Я пошел смотреть за что с нас берут деньги и заодно посмотрел и другие сервисы. После непродолжительного изучения счетов и биллинг историй я подсчитал, что всего на инфру тратится 550$. Из них 220$ на амазон, 300$ на jelastic и 30$ на heroku.

Цена за Jelastic меня немного удивила, поэтому я пошел копать детальнее и обнаружил интересную вещь—если держать окружение выключенным, до деньги за использование cpu/ram не будут списываться, а вот за диск—будут. У нас висело несколько бекапов баз, которые кушали прилично места. Еще несколько серверов не использовались или были deprecated, и просто ели деньги не принося взамен большой ценности. Я убрал все что было и так выключено, удалил пару старых серверов, что в сумме, по моим прикидкам, дало экономию в 90$. Посмотрев на остальные траты и оценив стоимость сервера к мощностям которые он предоставляет я подумал что надо бы паковать все микросервисы в nomad/k8s и съезжать на три сервера средней толщины на каком-нибудь yandex cloud — можно будет сэкономить еще 100$ точно. Но это потом. Вся работа заняла максимум час.

С Heroku все понятно, там оптимизировать нечего, нужное и так крутится на free/hobby dynos которые 7$ стоят и не несут критической нагрузки.

С AWS пришлось немного повозиться. По какой-то причине я не мог получить доступ к детализированному счету (с указанием ресурсов) и пришлось работать с тем что есть. 80$ ушло на S3, а точнее на хранение примерно 3TB данных накопленных за 4 года работы различных продуктов. Большая часть из них—изображения, которые уже потеряли свою актуальность (все метаданные из них вытащены и находятся в базе). Удалять все подряд или использовать Lifecycle Rule для того, чтобы удалить данные старше года я не стал, вместо этого за пару часов напилил функциональность, которая позволяет пользователям помечать устаревшие “аккаунты” (к которым принадлежат данные) и система потихоньку сама почистит все объекты на S3. Оказалось так же что в CloudWatch можно смотреть метрики по размеру бакетов (я про это раньше не знал).

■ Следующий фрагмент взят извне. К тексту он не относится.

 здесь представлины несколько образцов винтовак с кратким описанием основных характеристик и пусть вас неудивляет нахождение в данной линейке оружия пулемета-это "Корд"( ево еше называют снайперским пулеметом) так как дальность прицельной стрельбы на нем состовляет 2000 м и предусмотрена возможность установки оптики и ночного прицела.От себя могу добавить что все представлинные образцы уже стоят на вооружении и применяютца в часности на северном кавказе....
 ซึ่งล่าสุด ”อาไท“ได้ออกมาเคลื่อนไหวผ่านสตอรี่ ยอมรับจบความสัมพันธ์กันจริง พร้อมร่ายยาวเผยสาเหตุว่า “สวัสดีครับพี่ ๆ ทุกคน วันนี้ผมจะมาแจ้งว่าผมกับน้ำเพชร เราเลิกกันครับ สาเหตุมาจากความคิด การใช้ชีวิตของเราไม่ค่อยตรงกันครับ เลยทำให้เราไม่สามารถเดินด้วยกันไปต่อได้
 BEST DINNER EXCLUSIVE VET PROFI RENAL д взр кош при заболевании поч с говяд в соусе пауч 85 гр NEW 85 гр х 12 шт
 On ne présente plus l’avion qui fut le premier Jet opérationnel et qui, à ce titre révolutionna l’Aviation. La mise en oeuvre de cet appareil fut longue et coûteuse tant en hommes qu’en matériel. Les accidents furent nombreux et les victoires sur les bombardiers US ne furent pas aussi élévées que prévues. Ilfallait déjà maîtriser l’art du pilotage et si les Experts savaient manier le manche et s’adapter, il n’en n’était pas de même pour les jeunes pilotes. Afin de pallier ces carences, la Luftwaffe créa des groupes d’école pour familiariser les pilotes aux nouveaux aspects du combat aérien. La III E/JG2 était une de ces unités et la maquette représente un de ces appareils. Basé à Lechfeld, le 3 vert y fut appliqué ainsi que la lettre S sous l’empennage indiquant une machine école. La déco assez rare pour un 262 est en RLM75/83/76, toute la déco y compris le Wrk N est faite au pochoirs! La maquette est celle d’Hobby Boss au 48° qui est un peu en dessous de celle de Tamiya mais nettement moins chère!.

Так что теперь буду мониторить размер. Ну и заодно поудалял данные совсем уж неактуальных проектов, гигабайт 200 наверное.

Сумма в 550$ большинству из инфраструктурщиков тут покажется смехотворной. Действительно, в одном из стартапов, где я работал, за месяц платили около 10 000$. Но там ехал микросервис в двух регионах через динамодб на пяти энвайронментах, что поделать.

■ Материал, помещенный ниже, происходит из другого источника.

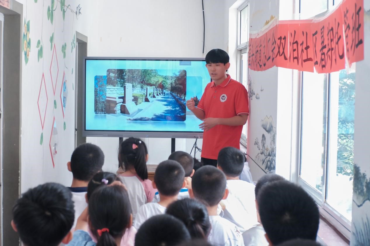 离开郭永怀纪念馆,队员们以传承永怀精神红色基因为使命,来到了双泊社区未成年人实践基地,为当地的少年儿童展开以“史话齐鲁精神,传承红色基因”为主题的宣讲活动。队员们以孔庆三等三位齐鲁革命先烈为主要线索,为少年儿童树立起正确的爱国主义价值观,激励着年轻一代为国家的繁荣富强而努力。
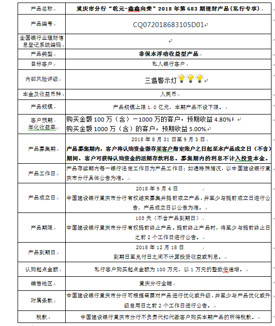 3.中国建设银行重庆市分行可根据市场情况等调整产品规模上、下限,并最迟于调整规模上下限当日进行公告。
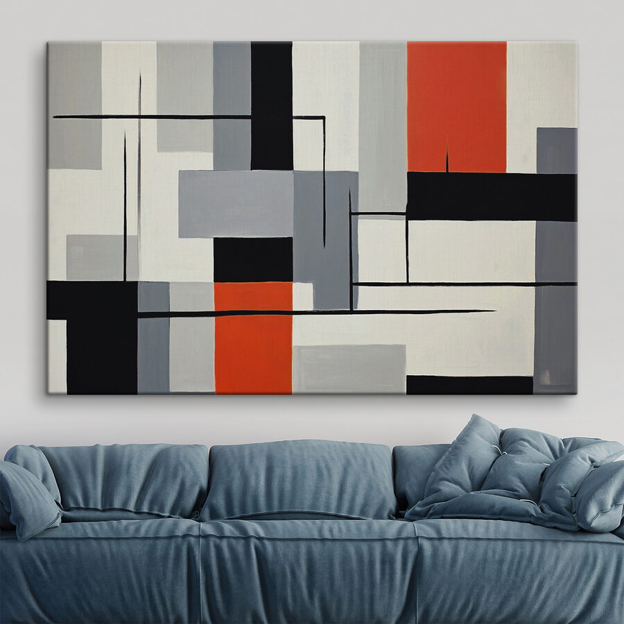 Imaginează-ți această piesă agățată în spațiul tău. Este ca și cum ar avea o poveste de spus, cu acel dreptunghi roșu îndrăzneț care fură lumina reflectoarelor în mijlocul întregii scări de gri și negru. Nu este vorba doar despre umplerea unui perete gol; este un starter de conversație. S-ar putea să vă treziți uitându-vă la el atunci când vă gândiți profund sau când vă relaxați după o zi lungă.
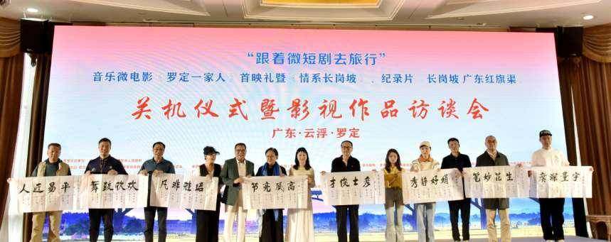 在关机仪式活动现场,罗定市领导为文化顾问、文化发展咨询专家和旅游形象大使颁发证书。摄制组负责人和艺术家为合作单位、支持单位颁发了拍摄基地铜牌并赠送了锦旗,表示感谢。
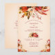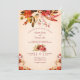 Vattenfärgsfärgad blommigt inslag på vacker höst färger, som är placerad över en mjuk, blåaktig voridduk, avslutat med elegantens kalligrafi av höstens röda skript. Perfekt för både avslappnad- och mer formella bröllop-teman.
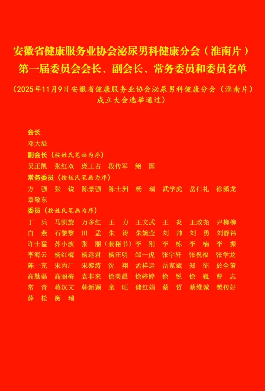 △安徽省健康服务业协会泌尿男科健康分会(淮南片)第一届会长、副会长、常务委员、委员名单 |
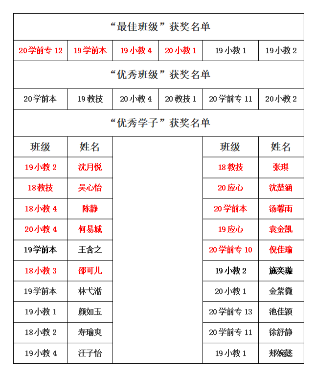 经过p站视频 “最佳班级”与“优秀学子”现场展示评比,依据专家评委、教师评委、学生代表的投票结果,共评选出p站视频 第十一届“最佳班级”6个(本科5个、专科1个),“优秀班级”6个(本科5个、专科1个),“优秀学子”20名(本科17名、专科3名)。拟推荐加粗标红的班级与个人参评学校2020-2021学年“优良学风班”和”学习标兵”评选,如有异议,可来电、来信、来访的形式反映问题,以个人名义反映问题的提倡真实署名,联系学工办孟江龙老师,电话:0577-86599689。公示时间:2021年10月23日—10月29日。公示内容如下:

Моя позиция состоит в том, что даже маленький кост надо оптимизировать. Я ожидаю удешевления инфраструктуры на 150$ в месяц. Теперь считаем—за год это будет 1800$ экономии. Это уже неплохие деньги, то есть даже на спичках есть смысл экономить. На все про все у меня ушло 3 часа работы. Сколько взять денег с клиента за эту задачу и как обосновать её стоимость я предполагаю пытливому читателю подумать самому.

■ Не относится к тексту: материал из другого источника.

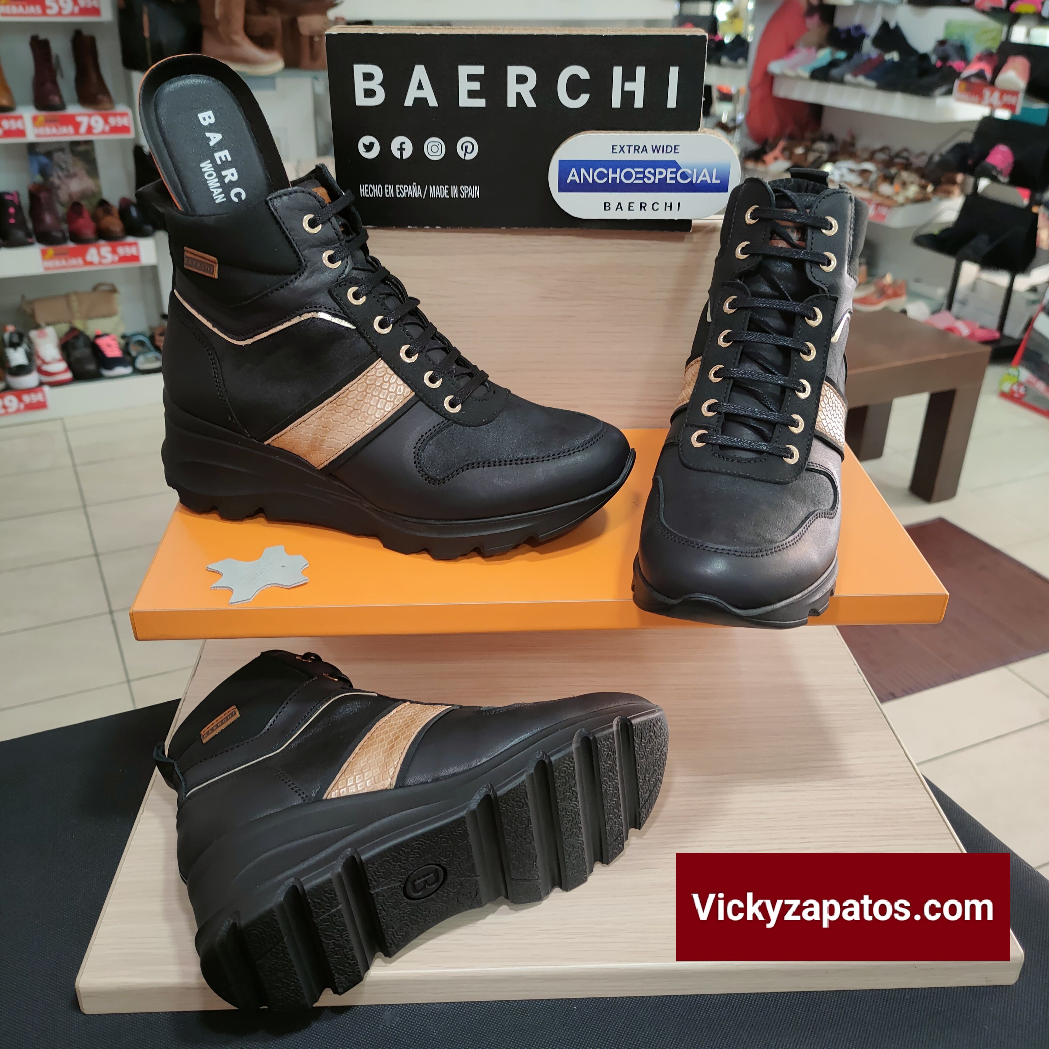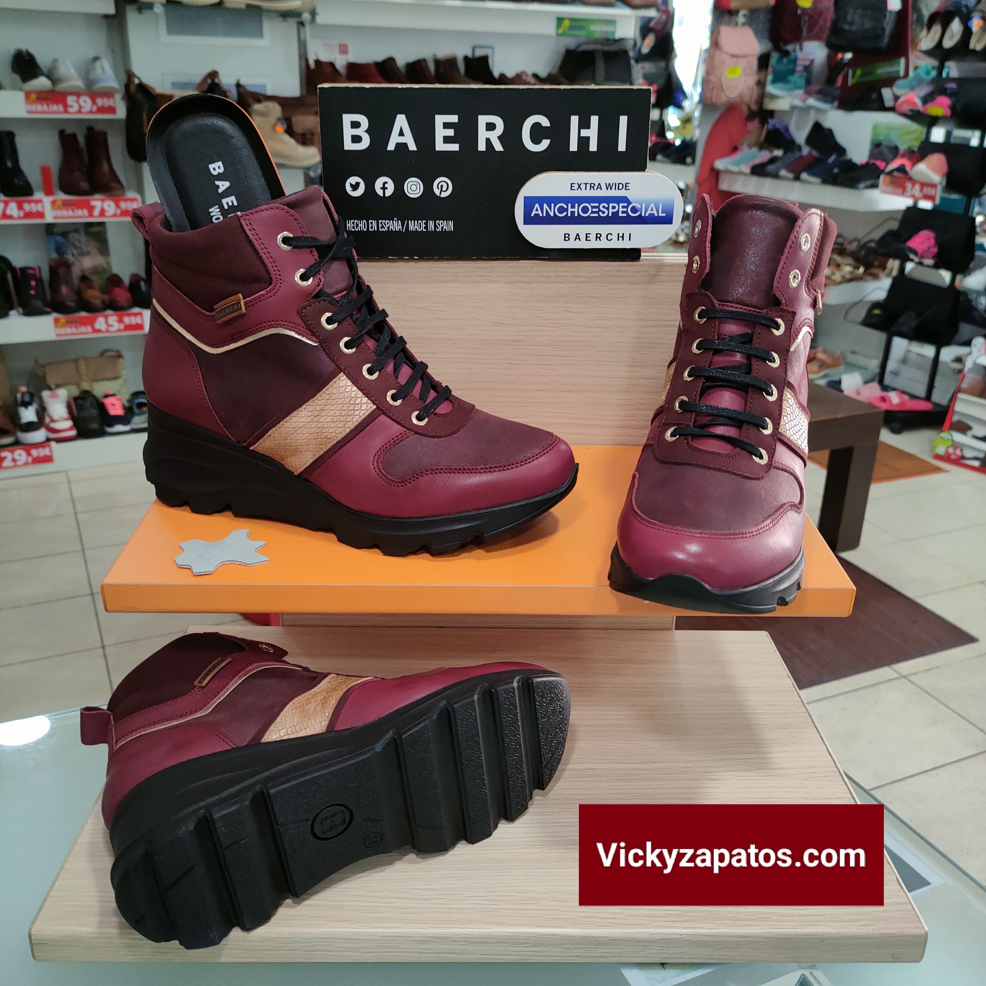 BAERCHI woman: Botín de piel combinado con reptil, disponible en dos colores: Negro y Burdeos, dispone de cordón y cremallera lateral para máximo ajuste y confort, forro Textil, Ancho Especial con plantilla Extraíble piso de cuña media con plataforma en color negro, Hecho en España Todo Moda
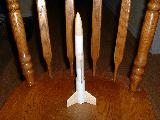 This was not a production kit but rather a free plan provided by Estes Industries. The rocket featured a 1" tube that surrounded the lower half of the airframe and aft end in an attempt to provide thrust augmentation. The booster stage of this two-stage rocket wasd the augmenter tube, which was permanently attached to the sustainer. After staging, the booster motor was ejected out of lower tube, which then became the thrust augmenter for the sustainer. This boosted design was created in an attempt to get the rocket up to sufficient speed with the booster motor so that thrust augmentation could be attempted when the sustainer motor was firing. The designer referred to the Lil' Augie as "an experiment."
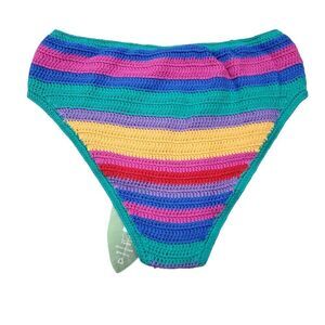 Vibrant crochet bikini bottom. Features stripes in multiple colors. High-waisted design. Perfect for a bold beach look.
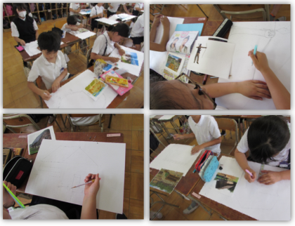6年生の図画工作の学習です。弥生文化博物館で学んだことを思い出し、弥生時代の人々のくらしの様子を想像して描きました。

p.s.: если сумма кажется вам смехотворной, но позовите меня в свою контору—я срежу вам косты (пусть даже на 50$ в месяц), а вы мне половину сэкономленной суммы за год за это заплатите. Какая разница кому давать бабки—амазону или мне?

p.p.s.: некто Corey Quinn на этом делает целый бизнес. Приходит к людям, настраивает им vpc эндпоинты для s3 за полчаса чтоб трафик экономить и лупит пару тыщ баксов за это.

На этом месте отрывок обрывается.